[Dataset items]
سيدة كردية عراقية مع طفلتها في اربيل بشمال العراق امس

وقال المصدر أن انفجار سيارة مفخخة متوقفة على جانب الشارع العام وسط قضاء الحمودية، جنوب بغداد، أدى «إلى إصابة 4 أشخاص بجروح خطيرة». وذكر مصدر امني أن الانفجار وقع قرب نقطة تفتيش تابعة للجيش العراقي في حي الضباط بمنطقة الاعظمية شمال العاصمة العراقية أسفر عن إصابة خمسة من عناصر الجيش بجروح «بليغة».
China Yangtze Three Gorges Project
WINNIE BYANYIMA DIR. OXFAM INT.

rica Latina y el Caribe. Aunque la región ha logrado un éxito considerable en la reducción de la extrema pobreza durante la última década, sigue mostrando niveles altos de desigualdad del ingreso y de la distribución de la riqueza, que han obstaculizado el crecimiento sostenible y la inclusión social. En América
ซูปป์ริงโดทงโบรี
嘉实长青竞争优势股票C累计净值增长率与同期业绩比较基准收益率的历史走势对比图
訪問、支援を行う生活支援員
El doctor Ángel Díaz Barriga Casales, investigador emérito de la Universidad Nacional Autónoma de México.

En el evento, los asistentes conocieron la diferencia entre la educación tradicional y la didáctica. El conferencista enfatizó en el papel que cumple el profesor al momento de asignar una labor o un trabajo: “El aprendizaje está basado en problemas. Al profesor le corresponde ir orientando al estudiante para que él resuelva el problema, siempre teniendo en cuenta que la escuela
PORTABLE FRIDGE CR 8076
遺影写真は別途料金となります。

...

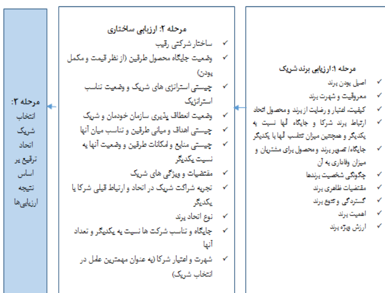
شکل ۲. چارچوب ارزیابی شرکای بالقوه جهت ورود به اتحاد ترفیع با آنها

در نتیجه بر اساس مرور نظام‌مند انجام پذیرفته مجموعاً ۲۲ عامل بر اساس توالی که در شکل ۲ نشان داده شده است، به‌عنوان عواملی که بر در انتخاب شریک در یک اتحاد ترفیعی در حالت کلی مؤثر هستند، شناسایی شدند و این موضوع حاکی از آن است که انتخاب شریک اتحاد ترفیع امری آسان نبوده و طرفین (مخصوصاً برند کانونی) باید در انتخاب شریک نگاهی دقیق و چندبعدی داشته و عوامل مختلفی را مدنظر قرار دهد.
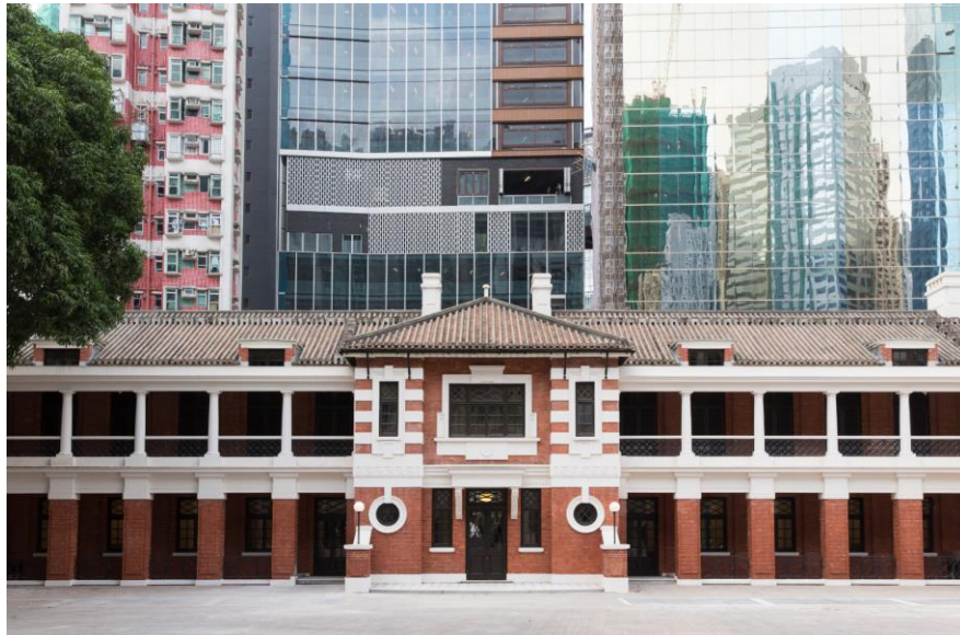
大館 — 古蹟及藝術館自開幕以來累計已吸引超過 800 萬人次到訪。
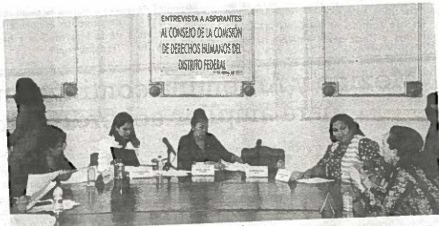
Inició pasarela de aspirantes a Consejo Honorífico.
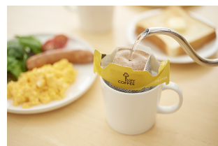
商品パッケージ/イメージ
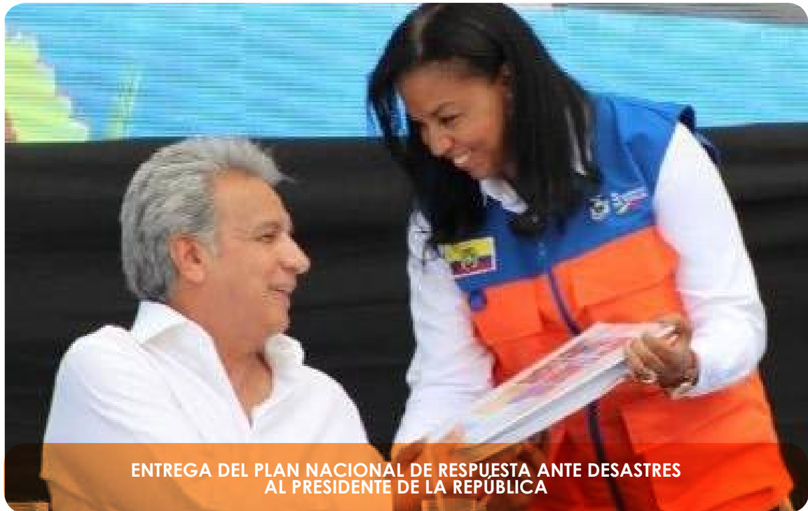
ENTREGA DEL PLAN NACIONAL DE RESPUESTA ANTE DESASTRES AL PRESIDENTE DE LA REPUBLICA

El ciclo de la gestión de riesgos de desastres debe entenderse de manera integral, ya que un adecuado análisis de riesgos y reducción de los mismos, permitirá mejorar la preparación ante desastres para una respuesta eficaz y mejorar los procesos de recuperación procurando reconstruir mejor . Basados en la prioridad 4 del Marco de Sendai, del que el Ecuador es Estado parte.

Task details ::
What you give back should be only the lines of the records above, starting at the line with "rica Latina y" and ending at the line with "遺影写真は別途料金となります。", restated word for word.

Final answer ::
rica Latina y el Caribe. Aunque la región ha logrado un éxito considerable en la reducción de la extrema pobreza durante la última década, sigue mostrando niveles altos de desigualdad del ingreso y de la distribución de la riqueza, que han obstaculizado el crecimiento sostenible y la inclusión social. En América
ซูปป์ริงโดทงโบรี
嘉实长青竞争优势股票C累计净值增长率与同期业绩比较基准收益率的历史走势对比图
訪問、支援を行う生活支援員
El doctor Ángel Díaz Barriga Casales, investigador emérito de la Universidad Nacional Autónoma de México.

En el evento, los asistentes conocieron la diferencia entre la educación tradicional y la didáctica. El conferencista enfatizó en el papel que cumple el profesor al momento de asignar una labor o un trabajo: “El aprendizaje está basado en problemas. Al profesor le corresponde ir orientando al estudiante para que él resuelva el problema, siempre teniendo en cuenta que la escuela
PORTABLE FRIDGE CR 8076
遺影写真は別途料金となります。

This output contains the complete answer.